Bit Error Rate
Even a digital data transmission system is not totally error-free – statistical fluctuations related to noise influences cause a small percentage of the transmitted bits to be corrupted. The average fraction of incorrectly transmitted bits is called the bit error rate. The maximum capacity of a reliable data transmission system is not reached by keeping the bit error rate at an extremely low level (nearly avoiding any bit errors), but by pushing the data rate to a level where some tolerable bit error rate (typically between 10−12 and 10−9) can be maintained. A virtually error-free transmission can still be achieved by detecting and correcting most of the remaining bit errors, e.g. based on check sums. For example, detected bit errors may be corrected simply by resending the few affected data packages.

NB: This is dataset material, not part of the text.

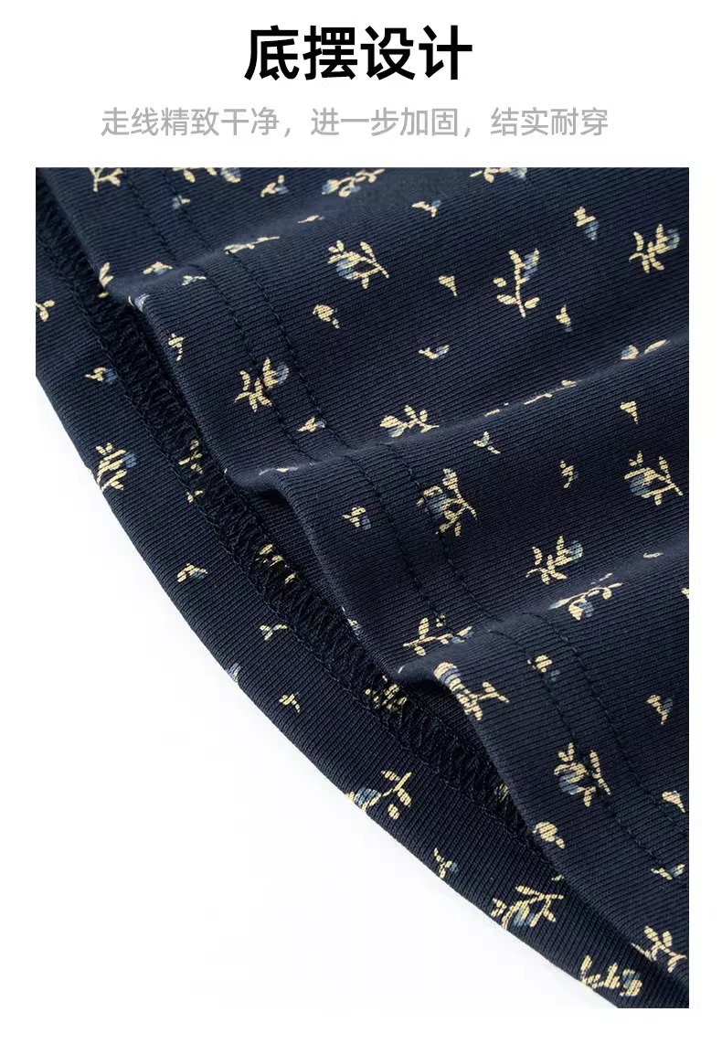 • 네이비 블루 플로럴 스커트 (롱 스타일) [가슴 패드 없음]

In practice, the bit error rate of a system for optical data transmission (e.g. a fiber-optic link) can be increased by noise influences (particularly in the receiver, but also in the transmitter and in amplifiers), by optical losses, and chromatic and other types of dispersion. Also, nonlinearities can cause signal distortion and channel cross-talk. Possible countermeasures include using a higher transmitted optical power, reducing fiber losses, employing fiber amplifiers and/or dispersion compensation in the link, using improved detectors (possibly with electronic dispersion compensation), optimizing the arrangement of wavelength channels in a wavelength division multiplexing system, or simply by reducing the data transmission rate.
Bit error rates are typically measured with complex devices, called bit error rate testers (BERT), generating a pseudo-random bit sequence and comparing the sent and received data.